THE TASK: When you transcribe the listing that follows, keep every line exact and skip any picture.

[SUPPLIED DATA — start]

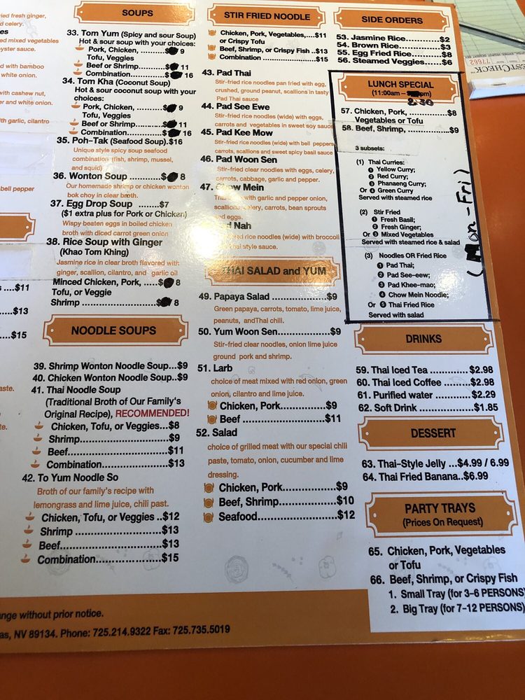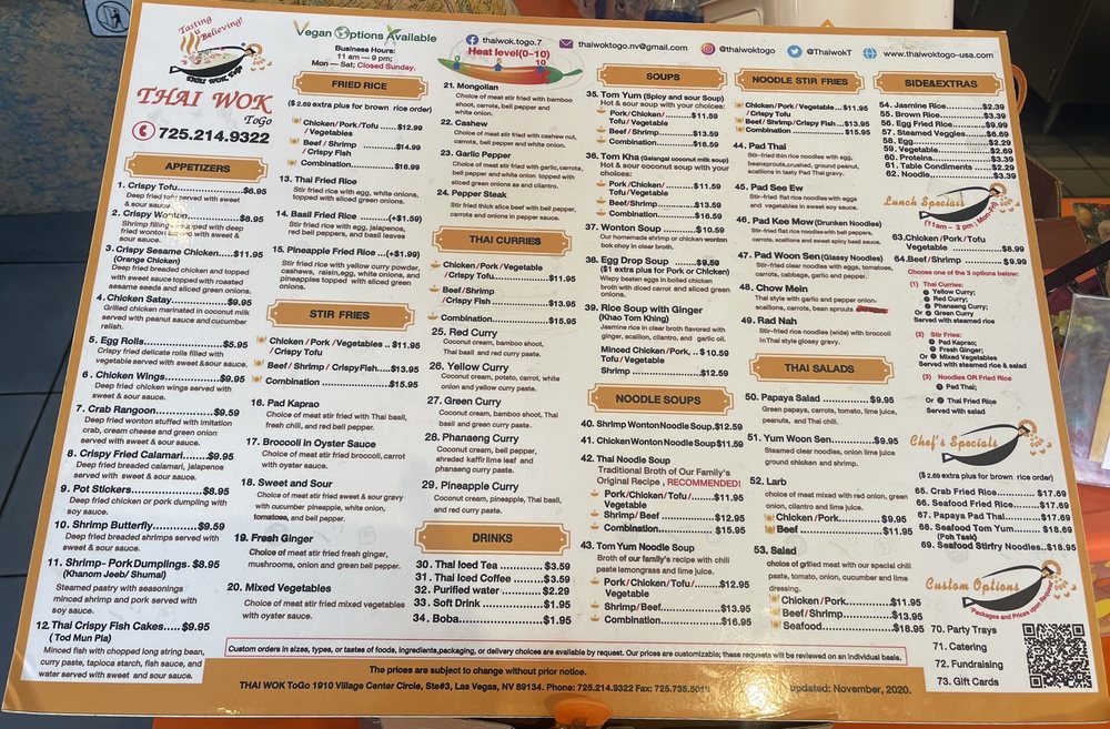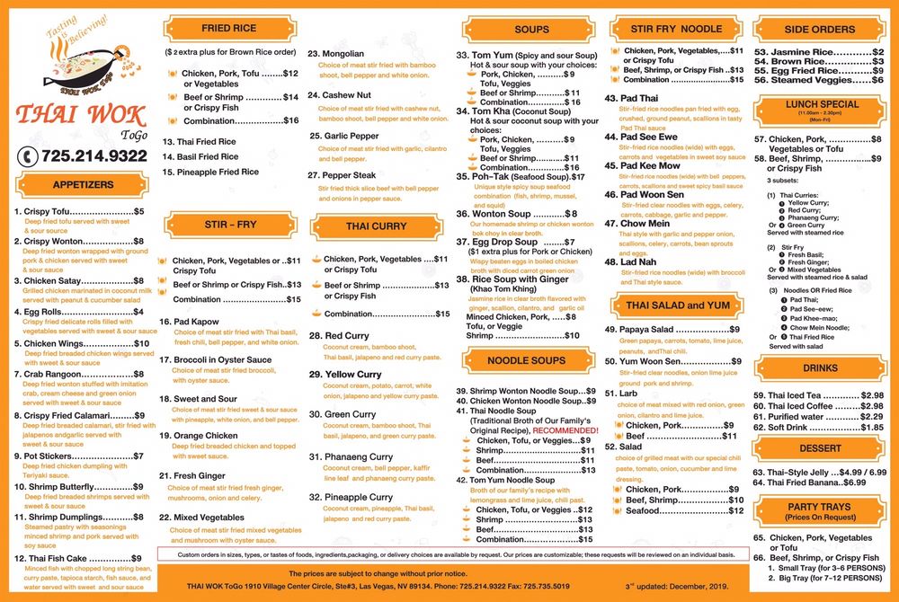 Welcome to Thai Wok ToGo, your newest destination for authentic Thai cuisine in Las Vegas! Nestled at 1910 Village Center Cir Ste #3, our casual eatery is dedicated to delightful stir-fries, aromatic curries, and flavorful noodle dishes made with fresh ingredients. We take pride in offering a menu filled with tempting choices like Pad Kapow and Pad See Ewe, each packed with bold flavors that transport your taste buds straight to Thailand.
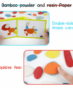 Acest joc creativ Montessori este un material educațional conceput pentru a stimula coordonarea motorie fină, gândirea logică și abilitățile de echilibru prin explorarea tactilă și vizuală a formelor și culorilor. Setul conține pietricele din material eco-friendly, vopsite în culori vibrante, cartonașe cu modele și un set de pensule și vopsele, oferind o experiență de învățare practică și multisenzorială.
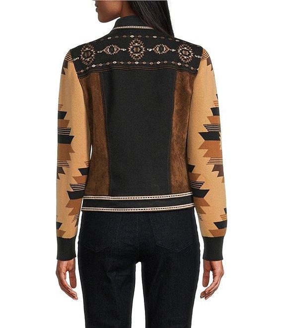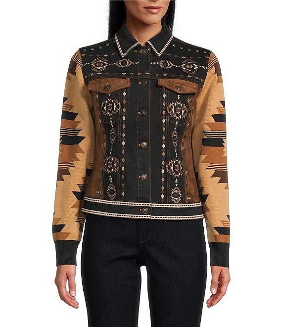 From Reba, this jacket features: Mixed media denim fabrication Point collar Long jacquard knit sleeves Southwestern embroidered details Faux suede chest flap pockets & side panels Front princess seams Straight hemline Button front closure Approx. 23" length Cotton/polyester/nylon/spandex Hand wash Imported.

[SUPPLIED DATA — finish]

RESULT OF THIS EXERCISE:
 Welcome to Thai Wok ToGo, your newest destination for authentic Thai cuisine in Las Vegas! Nestled at 1910 Village Center Cir Ste #3, our casual eatery is dedicated to delightful stir-fries, aromatic curries, and flavorful noodle dishes made with fresh ingredients. We take pride in offering a menu filled with tempting choices like Pad Kapow and Pad See Ewe, each packed with bold flavors that transport your taste buds straight to Thailand.
 Acest joc creativ Montessori este un material educațional conceput pentru a stimula coordonarea motorie fină, gândirea logică și abilitățile de echilibru prin explorarea tactilă și vizuală a formelor și culorilor. Setul conține pietricele din material eco-friendly, vopsite în culori vibrante, cartonașe cu modele și un set de pensule și vopsele, oferind o experiență de învățare practică și multisenzorială.
 From Reba, this jacket features: Mixed media denim fabrication Point collar Long jacquard knit sleeves Southwestern embroidered details Faux suede chest flap pockets & side panels Front princess seams Straight hemline Button front closure Approx. 23" length Cotton/polyester/nylon/spandex Hand wash Imported.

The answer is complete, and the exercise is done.